WORK INSTRUCTION: Please give again, word for word, the line that contains "Figure 4 : Thecadactylus" and every line after it to the end of the data, with no other lines.

SOURCE DATA Start Marker

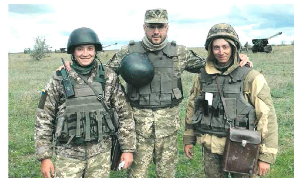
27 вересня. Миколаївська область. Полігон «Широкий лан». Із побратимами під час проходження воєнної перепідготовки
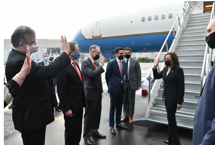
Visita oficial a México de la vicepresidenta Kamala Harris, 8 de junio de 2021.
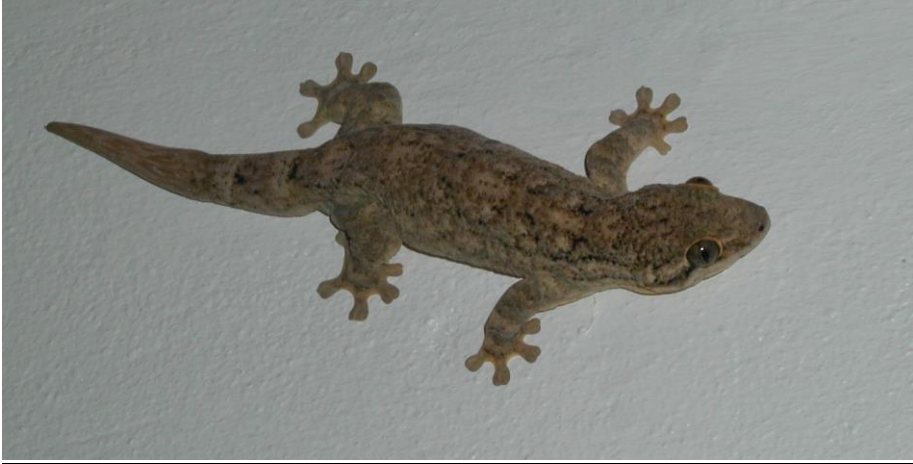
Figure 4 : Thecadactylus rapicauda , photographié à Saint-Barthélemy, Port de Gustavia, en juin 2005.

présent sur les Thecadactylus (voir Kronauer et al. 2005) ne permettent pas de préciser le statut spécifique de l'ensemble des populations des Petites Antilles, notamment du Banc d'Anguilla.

SOURCE DATA End Marker

SOLUTION TO THIS PROBLEM:
Figure 4 : Thecadactylus rapicauda , photographié à Saint-Barthélemy, Port de Gustavia, en juin 2005.

présent sur les Thecadactylus (voir Kronauer et al. 2005) ne permettent pas de préciser le statut spécifique de l'ensemble des populations des Petites Antilles, notamment du Banc d'Anguilla.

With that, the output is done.